## Problem details
Please repeat the lines below, exactly and only, from the one that holds "Made from a" through the one that holds "[Anti-Loss Structure]: The".

## Data records
[Start of Attachment]
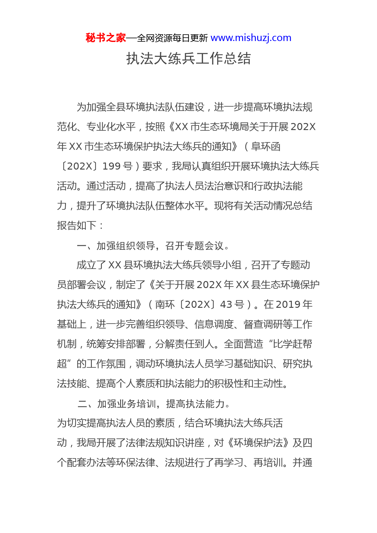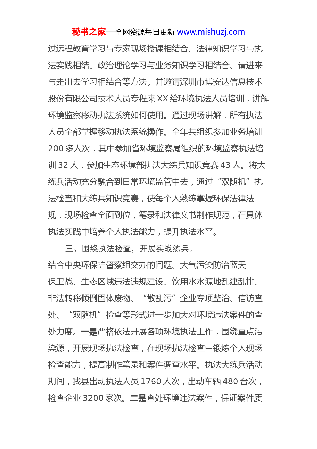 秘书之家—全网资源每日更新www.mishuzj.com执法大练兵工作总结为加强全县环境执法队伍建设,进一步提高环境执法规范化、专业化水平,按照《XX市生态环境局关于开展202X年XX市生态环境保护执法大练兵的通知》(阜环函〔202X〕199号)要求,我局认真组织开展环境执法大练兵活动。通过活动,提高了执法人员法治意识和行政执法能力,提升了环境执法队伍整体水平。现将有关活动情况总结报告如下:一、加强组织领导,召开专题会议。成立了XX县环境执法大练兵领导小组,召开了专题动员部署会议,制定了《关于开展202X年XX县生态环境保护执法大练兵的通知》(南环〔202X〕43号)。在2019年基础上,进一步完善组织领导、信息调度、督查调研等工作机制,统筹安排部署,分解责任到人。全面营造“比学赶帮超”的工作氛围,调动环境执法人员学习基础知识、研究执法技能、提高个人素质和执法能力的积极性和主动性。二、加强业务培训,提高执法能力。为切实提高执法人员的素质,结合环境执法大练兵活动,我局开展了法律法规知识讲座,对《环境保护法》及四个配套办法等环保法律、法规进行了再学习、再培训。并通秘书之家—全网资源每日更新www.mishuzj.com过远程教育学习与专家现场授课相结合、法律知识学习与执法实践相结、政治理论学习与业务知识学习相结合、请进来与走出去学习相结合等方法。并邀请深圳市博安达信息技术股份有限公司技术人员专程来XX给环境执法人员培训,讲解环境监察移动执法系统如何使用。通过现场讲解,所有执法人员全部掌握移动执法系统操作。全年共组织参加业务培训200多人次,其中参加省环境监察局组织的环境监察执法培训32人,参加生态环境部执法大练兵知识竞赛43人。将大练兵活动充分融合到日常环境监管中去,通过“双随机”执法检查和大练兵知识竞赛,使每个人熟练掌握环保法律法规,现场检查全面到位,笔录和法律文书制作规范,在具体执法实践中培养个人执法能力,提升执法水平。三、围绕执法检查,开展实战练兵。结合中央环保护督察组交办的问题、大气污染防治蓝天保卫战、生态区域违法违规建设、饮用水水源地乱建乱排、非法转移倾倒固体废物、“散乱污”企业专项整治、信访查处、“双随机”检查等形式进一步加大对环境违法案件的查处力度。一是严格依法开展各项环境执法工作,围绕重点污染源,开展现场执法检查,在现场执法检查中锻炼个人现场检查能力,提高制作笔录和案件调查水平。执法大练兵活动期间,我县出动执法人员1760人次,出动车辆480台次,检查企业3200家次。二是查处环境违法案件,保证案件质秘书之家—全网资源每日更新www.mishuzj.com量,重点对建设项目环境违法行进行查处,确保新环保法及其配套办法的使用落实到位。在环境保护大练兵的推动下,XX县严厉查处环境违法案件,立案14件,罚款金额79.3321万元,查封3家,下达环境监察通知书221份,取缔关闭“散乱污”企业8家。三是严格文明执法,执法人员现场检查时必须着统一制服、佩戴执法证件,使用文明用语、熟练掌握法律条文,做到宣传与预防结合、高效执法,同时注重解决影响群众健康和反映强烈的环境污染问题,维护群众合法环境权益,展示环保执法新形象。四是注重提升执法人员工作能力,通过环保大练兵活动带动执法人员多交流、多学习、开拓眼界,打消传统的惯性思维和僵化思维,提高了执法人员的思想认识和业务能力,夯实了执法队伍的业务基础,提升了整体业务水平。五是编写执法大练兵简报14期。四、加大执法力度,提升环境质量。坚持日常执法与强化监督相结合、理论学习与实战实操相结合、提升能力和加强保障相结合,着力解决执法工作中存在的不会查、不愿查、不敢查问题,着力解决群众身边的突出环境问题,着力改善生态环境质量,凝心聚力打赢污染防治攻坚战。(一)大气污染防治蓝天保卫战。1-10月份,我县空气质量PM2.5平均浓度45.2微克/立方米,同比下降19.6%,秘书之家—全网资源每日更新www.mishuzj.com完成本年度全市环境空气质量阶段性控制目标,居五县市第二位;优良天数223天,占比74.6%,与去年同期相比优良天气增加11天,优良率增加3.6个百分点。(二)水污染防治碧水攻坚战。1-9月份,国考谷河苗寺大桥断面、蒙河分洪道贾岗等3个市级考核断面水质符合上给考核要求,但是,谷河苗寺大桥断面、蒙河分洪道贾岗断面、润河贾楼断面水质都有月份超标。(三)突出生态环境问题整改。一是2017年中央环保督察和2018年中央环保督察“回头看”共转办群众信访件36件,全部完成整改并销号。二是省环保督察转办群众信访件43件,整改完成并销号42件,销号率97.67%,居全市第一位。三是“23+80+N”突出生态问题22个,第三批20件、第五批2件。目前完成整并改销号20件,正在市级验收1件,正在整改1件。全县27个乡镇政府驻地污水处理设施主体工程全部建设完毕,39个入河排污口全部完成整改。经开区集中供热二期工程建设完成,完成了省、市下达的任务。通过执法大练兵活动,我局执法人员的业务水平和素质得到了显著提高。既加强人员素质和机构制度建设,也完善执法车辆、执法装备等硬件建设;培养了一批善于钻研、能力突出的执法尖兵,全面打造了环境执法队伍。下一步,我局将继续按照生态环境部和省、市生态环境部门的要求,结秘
[End of Attachment]
[Start of Attachment]
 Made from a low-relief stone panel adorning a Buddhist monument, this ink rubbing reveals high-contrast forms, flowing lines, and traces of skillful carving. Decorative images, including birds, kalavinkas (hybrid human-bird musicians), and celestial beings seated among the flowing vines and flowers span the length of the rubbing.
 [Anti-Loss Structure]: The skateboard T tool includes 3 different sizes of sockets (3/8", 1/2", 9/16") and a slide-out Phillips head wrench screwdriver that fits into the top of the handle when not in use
[End of Attachment]
## Expected answer
 Made from a low-relief stone panel adorning a Buddhist monument, this ink rubbing reveals high-contrast forms, flowing lines, and traces of skillful carving. Decorative images, including birds, kalavinkas (hybrid human-bird musicians), and celestial beings seated among the flowing vines and flowers span the length of the rubbing.
 [Anti-Loss Structure]: The skateboard T tool includes 3 different sizes of sockets (3/8", 1/2", 9/16") and a slide-out Phillips head wrench screwdriver that fits into the top of the handle when not in use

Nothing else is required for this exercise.